And then and also sometimes whoever had raised the fund, if they had some bad investments on the side, they would cash out of those investments. They would transfer those personal investments in the fund and get whatever they had paid for it, even though it had lost value. So there was a lot of kind of shenanigans going around. So Congress felt, hey, we really need to address this. It just took a while for them to get to this. So 1940 acts, both of them is still kind of the same genesis as the same as 33 act and 34 act. It was really kind of the the heyday of late 1920s and then, of course, the crash in 19 1929. The company act. We also have here that it's defines responsibilities and limitations of mutual funds, unit investment trusts and closing funds. And it's not just disclosure, it's it also has some governance requirements and the like, which we'll we'll chat about. First, let's talk about what is an investment company. An investment company is a company that holds itself out as being primarily engaged or proposes to primarily engage in the business of investing, reinvesting or trading in securities. This B here is rare these days. I'll go ahead and read it, but you don't really need to commit this one to memory is engage or proposes to engage in business issuing face amount securities of installment type or has been engaged in such business and yada yada.

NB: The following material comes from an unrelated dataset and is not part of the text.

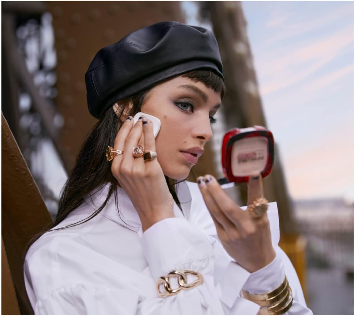 ضعيه باستخدام أداة توزيع المكياج على الوجه والرقبة، ابدئي بمنطة الأنف والجبهة وامزجيه إلى الخارج، ثم ضعي اللمسة النهائية بفرشاة كريم الأساس للحصول على مظهر خالٍ من العيوب

We don't really come across that. And then but C is equally as important as A is engaged or proposes to engage in the business of investing, reinvesting, owning, holding, or trading in securities and owns or proposes to acquire investment securities having a value exceeding 40% of the issuer's total assets. Now you might ask what is an investment security? I'm glad you asked that because here is investment security. So it is a broad, broad concept. It includes notes, stocks, treasury stocks, securities, bonds, debentures, really any type of indebtedness, any type of put call option, any instrument known as a security. You're in a rough spot if you're trying to argue that something is not a security. When I first started giving this, it was I would just say, yes, any kind of security, I would move on. And then we had the whole cryptocurrency thing a few years ago where people were questioning, Hey, is this a security or not this, this thing? And that's can still be relevant. But by and large, you're in kind of a rough position if you're trying to argue that something is not a security. So if you're trying to say that something is not a security, my advice to clients who want to maintain that is always, well, follow these rules anyway.
Just just to be just so you're on the safe side. It does not include government securities or securities issued by employees, securities companies or securities issued by majority owned subs of the owner, which are not investment companies or are not relying on the exception from the definition of investment company under 3C1 and 3C7, which we'll talk about here in a bit. And the reason is if you have a if a company has a subsidiary that's over half owned, it's really part of the business. It's not really like an investment, not like a passive investment where you just have a small portion. It's really part of the overall business structure of it's majority owned. So the 40 this 40% test is key for the Investment Company Act. A company is going to be deemed to be an investment company. If 40% or more of its total assets, excluding excluding government securities or cash items if it consists of investment securities. And then government securities are really any security issued or guaranteed by the United States or one of its instrumentalities pursuant to authority granted by Congress. It generally is not going to include municipal bonds and the like. So there are several ways someone can run afoul of this. So it's a little bit of a trap for operating companies because they might find themselves even if they are an operating company and not what you would think of as a company that's making investments and the like and increasing assets due to that.
But for various things like if they make a sale or something like that, they could be they could run afoul of the 40% test and we'll talk about that in a little bit. The total assets are on an unconsolidated basis, so they can't consolidate to try to like get get get down below the 40%. It's unconsolidated. So you have to have to look at everything that the company has separately. Cash items are what you would think of cash coins, demand deposits, cashier checks, letters of credit and so on. So who might fail to 40% test? So I just said that it could be a trap for operating companies. And yes, if a if a operating company if in their org chart they have a lot of minority owned subsidiaries such as companies that utilize special purpose entity or joint venture structures to acquire, say, real estate or oil and gas interests, then they could wind up. Failing this 40% test, even though they're not really holding themselves out as an investment company, even though they don't think of themselves as an investment company, they're just, hey, they're, you know, getting real estate or managing real estate or whatnot or owning real estate. But just through this, through having through conducting their business in minority owned subsidiaries, they could very well fail this 40% test. Also, operating companies that have substantial working capital reserves invested in debt and equity securities.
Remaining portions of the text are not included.